Ahead of a looming budget deadline, the Irish government is working to create a plan to “save 15 billion euros ($20.5 billion) in savings,” Bloomberg reports. A survey conducted by Bloomberg, before this joint statement, shows investors have serious debts that Ireland can avoid default. 51% of respondents in the survey say “they regard a default as likely, compared with 42 percent who say it is unlikely. The ranks of those anticipating an Irish default have tripled since a poll in June,” according to Bloomberg.
The EU and IMF “are going to come to their rescue,” says Michael Pento, senior economist with Euro Pacific Capital. “But, can they bail out Europe, Japan and the U.S.?"
That's the rub, says Pento. The sovereign debt crisis doesn’t end with Ireland or Europe’s other 'PIIGS' - eventually there won't be enough money to bailout out the big boys.
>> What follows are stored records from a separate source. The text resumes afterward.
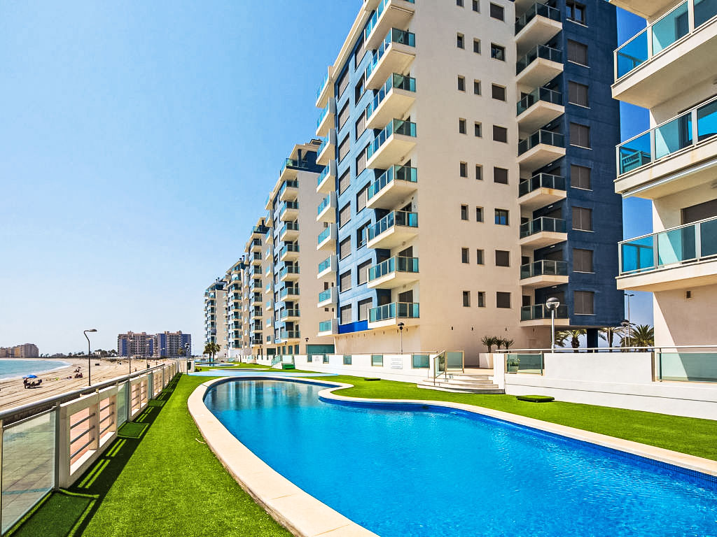 La Manga del Mar Menor: Appartementhaus "Euromarina Towers", Baujahr 2007. Am Ortsrand, 4.5 km vom Zentrum von La Manga, sonnige Lage, 50 m vom Meer. Zur Mitbenutzung: 2 Schwimmbäder (saisonale Verfügbarkeit: 01.Jan.-31.Dez.). Kinderbecken, Aussendusche. Im Hause: Fahrstuhl. Öffentliches Parkhaus in 50 m. Lebensmittelgeschäft 200 m, Restaurant, Bushaltestelle, Sandstrand 100 m. Reitstall 20 km.
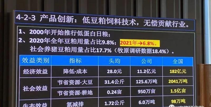 如果我們技術全國推廣,非常大的價值是 182 億,關鍵是我們能夠節省大豆進口2000萬噸,對應是1.5億畝的土地。特別是去年我們費了九牛二虎之力也才增加了 2800 萬畝的大豆種植,和我們的消費端直接省下了 2000 萬噸對應的 1.5 億畝——就對我們當今社會貢獻太大。所以在去年我們就把整個技術無償的貢獻給行業。去年年底我有給領導們又督促,我說領導要大力推廣。我們 2021 年 12 月 25 號我們結賬,我的豆粕用量降到了6.8%,和我們專家們的推廣的標準相差一倍。我說這個沒問題,我們基本上都這樣做。也就是說這個產品創新不僅僅是一個成本問題,關系到社會、經濟、政治甚至穩定的問題,價值非常大。
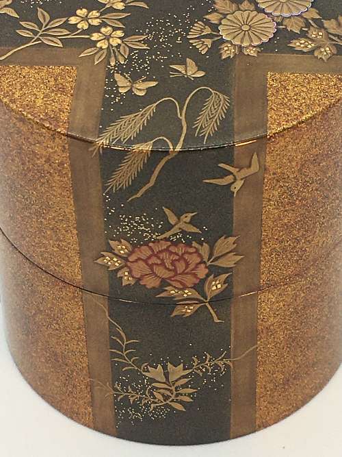 Item description : Wajima-nuri tea caddy in Nakatsugi style with stylish Makie works of Kacho (flowers and birds)
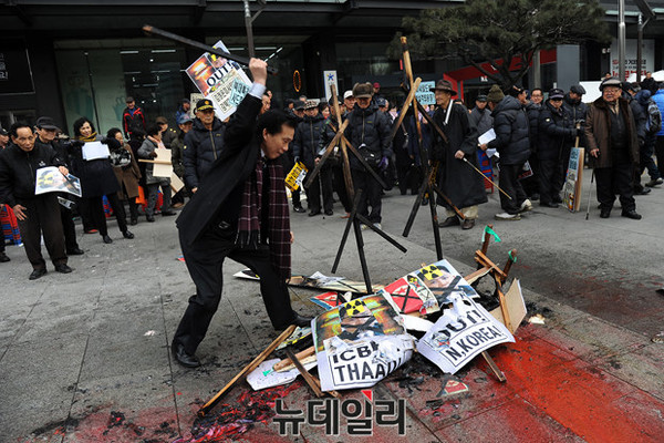 어버이연합을 비롯한 애국단체 회원들이 11일 오후 서울 광화문 KT앞에서 북한 4차 핵실험과 대륙간 장거리 미사일 발사를 규탄하는 기지회견을 열고 김정은 화형식 퍼포먼스를 하고 있다.
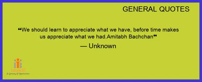 We should LEARN to appreciate what we have, before TIME MAKES us appreciate what we had.Amitabh Bachchan

As Minyanville's Todd Harrison is fond of saying, "who will rescue the lifeguards?"
U.S., Japan Next In Line?
Japan will likely be next to suffer a bond crisis, Pento tells Aaron in the accompanying clip. “Their savings rate has plummeted from 15% to 2%. Very soon they’re going to have to tap outside sources other than the Japanese to finance their debt," Pento explains. "That’s when interest rates soar and that’s when they become insolvent.”
A close second behind Japan in the race to a debt crisis is the U.S., Pento concludes. "We have negative real interest rates, inflation that is growing, debt that is soaring, and a dollar that is chronically weak." That equation adds up to U.S. debt situation that is "untenable."
Still, investors who have made similar dire predictions over the last two-plus decades have been burnt shorting the government debt of Japan and the U.S., as Aaron points out and Pento concedes. “I’ve been calling for a bond bubble for about a year. And, I’ve been wrong,” he says. “It just means when the bubble bursts, it will be a catastrophe."
Until that "catastrophe" Pento’s advice is simple: avoid sovereign debt and keep buying gold. As long as interest rates are artificially low, Pento says, gold prices will continue to hit new records.